Linear regression with weighted points python


ax.scatter(x = NewUFOTimes['one'], y = NewUFOTimes['three'], s = (NewUFOTimes['two']/10))

[1]: https://i.sstatic.net/oNb9r.png

How do I make a linear regression with the larger dots having more weight?


Solution

  • For this kind of work in Python the numpy module is a must-have.

    I infer that you are working with pandas - if so, you'll already have this library installed as a dependency and I therefore think we can assume that the following will work:

    x = NewUFOTimes["one"].values
    y = NewUFOTimes["three"].values
    w = NewUFOTimes["two"].values
    

    This should store the underlying numpy arrays in x, y, and w.
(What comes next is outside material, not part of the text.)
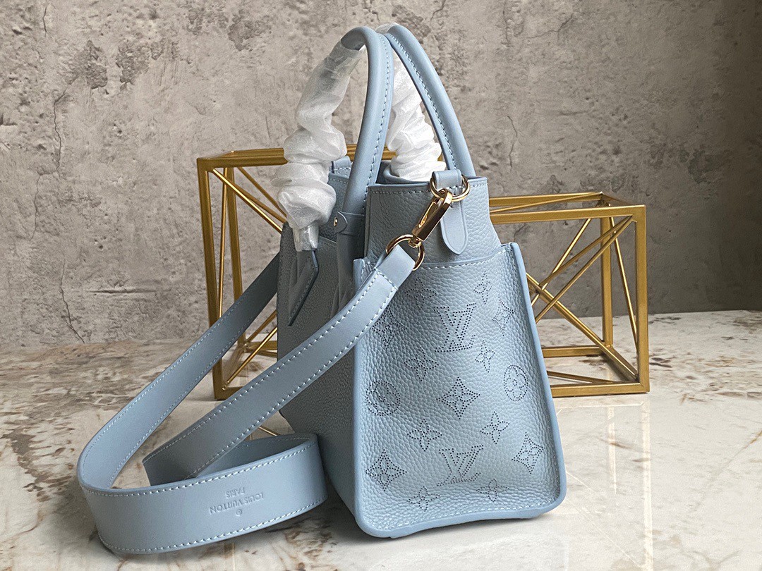Louis Vuitton On My Side PM Bag in Blue Calfskin and Mahina Leather M59432

I'm going to also assume ax is a matplotlib Axes object.

    Next we will use numpy's ability to fit a polynomial, in this case a first degree polynomial (linear fit). Out of the box, this fit supports optional weighting. You can read the full documentation here.

    Here's what that looks like:

    from numpy.polynomial import Polynomial
    
    ... #  code that produces your original plot
    
    x = NewUFOTimes["one"].values
    y = NewUFOTimes["three"].values
    w = NewUFOTimes["two"].values
    
    line = Polynomial.fit(x, y, 1, w=w)
    
    fit_x, fit_y = line.linspace()
    
    ax.plot(fit_x, fit_y, '-', label="Weighted fit")
    

    Now, I don't know where your weights came from, so I don't know whether they will obey the numpy documentation's suggestion that

    Ideally the weights are chosen so that the errors of the products w[i]*y[i] all have the same variance.

    Perhaps you are using inverse-variance weighting. The documentation states:

    When using inverse-variance weighting, use w[i] = 1/sigma(y[i]).

    It's important to be thoughtful about how you introduce weightings into the fit. Linear regression typically assumes homoscedasticity (i.e. 'all weights equal') so you should be sure your introduction of weights is well-motivated and well-executed.


    As a quick aside, the 'old' way to do this was to use numpy.polyfit. However, the docstring for that function now includes the proviso

    The Polynomial.fit <numpy.polynomial.polynomial.Polynomial.fit> class method is recommended for new code as it is more stable numerically. See the documentation of the method for more information.

    It is worth noting that there is a trade-off. You may still wish to use the old method if it is important to you to receive the covariance matrix associated with the fit (cov=True option with polyfit). However, if that's not important then the above approach is likely best. I should add: the use of weightings in the fit likely prevents the covariance matrix from being useful anyway!